Freddie Mercury said:


> If a character literally can not die at all then what makes you think that GER that change that? There is nothing on panel that suggest that with how we saw the loop worked. GER simply removes the effect after cause. It's not a power eraser


literaly what he did to diavolo, turned his time powers to zero


----------



## Kurou (Sep 12, 2020)

OtherGalaxy said:


> to be fair that can easily be explained by Diavolo not being able to make any actions




Which is the same as taking his powers away


----------



## Freddy Mercury (Sep 12, 2020)

Kurou said:


> Yeah, because Diavolo's been able to save himself from his deaths with ski-





Wolfgang Grimmer said:


> literaly what he did to diavolo, turned his time powers to zero



Diavolo didn't even try to use KC once he was trapped, and time manipulation and immortality are not the same. Diavolo ability helps him avoid death, it doesn't negate the fact that he could actually die.


----------



## Fang (Sep 12, 2020)

Masterblack06 said:


> The infinite loop most likely wont have an effect going by what I've heard. Unless Anos uses his sword though, his attacks/movement could still get turned to 0 though.



Anos isn't multiversal.


----------



## Freddy Mercury (Sep 12, 2020)

Fang said:


> Anos isn't multiversal.



Please tell me you don't actually read that Gary Stu ass novel


----------



## Fang (Sep 12, 2020)

Freddie Mercury said:


> Please tell me you don't actually read that Gary Stu ass novel



I watch the anime which I find reasonably amusing and entertaining, I ain't reading fucking LNs.


----------



## Kurou (Sep 12, 2020)

Freddie Mercury said:


> Diavolo didn't even try to use KC once he was trapped, and time manipulation and immortality are not the same. Diavolo ability helps him avoid death, it doesn't negate the fact that he could actually die.
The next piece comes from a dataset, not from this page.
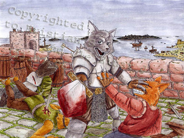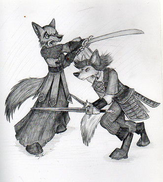 Looks good! Im only a bit baffled by the kights pose. His body is facing completly away from his opponent. It sort of looks like he took a practice swipe, and accidentaly sliced someone behind him. Or something. Bah, I dont know much about swiping poses anyway.

The point was that it takes powers away. Yes he didn't use it, because he most likely couldn't.


----------



## Kurou (Sep 12, 2020)

Freddie Mercury said:


> You do. Once again, GER has not shown the ability to loop immortals or characters that can revive



You don't.


----------



## Gordo solos (Sep 12, 2020)

How exactly will skipping time help in the loop? He’s still gonna die either way


----------



## WorldsStrongest (Sep 13, 2020)

...

Best thing Anos did in the anime was vape a lake I believe 

Except for weird nonsense he pulled off when he X'ed the guardian of time outside of the flow of time or something?...Which I have no clue how to quantify.


----------



## Freddy Mercury (Sep 13, 2020)

Gordo solos said:


> How exactly will skipping time help in the loop? He’s still gonna die either way



I'm assuming the logic is that because Diavolo couldn't/didn't use KC that his powers were erased. And thus GER can negate immortality and other related abilities.
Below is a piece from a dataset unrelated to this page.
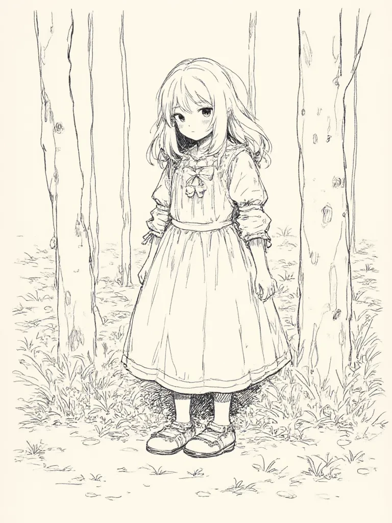 A tiny, tear-streaked face peers up at you from beneath a tangle of wild, strawberry-blonde hair. Her big, emerald eyes, wide with a mixture of fear and dawning hope, study you carefully. Her little hands clutch a small, crudely carved wooden bird to her chest, as if it's the only thing tethering her to this world. Her voice, soft and trembling, cuts through the chilling silence of the desolate forest.

I don't agree with it, but i see the point of the argument.


----------



## OtherGalaxy (Sep 13, 2020)

Kurou said:


> The point was that it takes powers away. Yes he didn't use it, because he most likely couldn't.



If Diavolo could have done anything they would not have cut him open on that operating table, iirc he evn says he can't move. His actions are still being negated in the death loop


----------



## Wolfgang Grimmer (Sep 13, 2020)

Freddie Mercury said:


> Diavolo didn't even try to use KC once he was trapped, and time manipulation and immortality are not the same. Diavolo ability helps him avoid death, it doesn't negate the fact that he could actually die.
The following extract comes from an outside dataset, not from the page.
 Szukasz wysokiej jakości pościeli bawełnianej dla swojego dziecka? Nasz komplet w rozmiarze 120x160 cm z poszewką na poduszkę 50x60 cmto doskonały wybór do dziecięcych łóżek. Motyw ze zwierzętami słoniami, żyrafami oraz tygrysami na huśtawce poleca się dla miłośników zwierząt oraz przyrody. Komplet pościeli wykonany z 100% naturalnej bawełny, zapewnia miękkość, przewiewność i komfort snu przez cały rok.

generic stone mask vampire vs gold experience requiem
who wins
betting on the vampire since it'd easily survive getting shanked by a hobo and run over by a bus



OtherGalaxy said:


> If Diavolo could have done anything they would not have cut him open on that operating table, iirc he evn says he can't move. His actions are still being negated in the death loop


which means requiem put diavolo in a reality where he can't use his powers, much less be able to move
or you could also argue that diavolo just didn't think to use king crimson which is dumb


----------



## OtherGalaxy (Sep 13, 2020)

yeah I'm not disagreeing with that


----------



## Kurou (Sep 13, 2020)

Gordo solos said:


> How exactly will skipping time help in the loop? He’s still gonna die either way



He gets to move in the skipped time which means he gets out of harms way. Were you not reading? that's literally purpose of KC. To let him see the future and position himself the best way possible


----------



## Kurou (Sep 13, 2020)

Freddie Mercury said:


> I'm assuming the logic is that because Diavolo couldn't/didn't use KC that his powers were erased. And thus GER can negate immortality and other related abilities.
> 
> I don't agree with it, but i see the point of the argument.



He's putting them in a reality where their powers don't work. Unless they can somehow get out of it ala Simon and the infinite labyrinth they're stuck. If Anal moldybut can flex his way out of shit like this then sure. But none of the abilities listed so far help with that


----------



## Gordo solos (Sep 13, 2020)

Kurou said:


> He gets to move in the skipped time which means he gets out of harms way. Were you not reading? that's literally purpose of KC. To let him see the future and position himself the best way possible


Yeah, he moves out of harm’s way

then the next thing will pop out of nowhere and kill him, he’s still under the effect, time-skip won’t save him


----------



## Kurou (Sep 13, 2020)

Gordo solos said:


> Yeah, he moves out of harm’s way
> 
> then the next thing will pop out of nowhere and kill him, he’s still under the effect, time-skip won’t save him




That doesn't mean he wouldn't have tried since thats his go to move all of the fucking time. The fact that he didn't means he couldn't.


----------



## Gordo solos (Sep 13, 2020)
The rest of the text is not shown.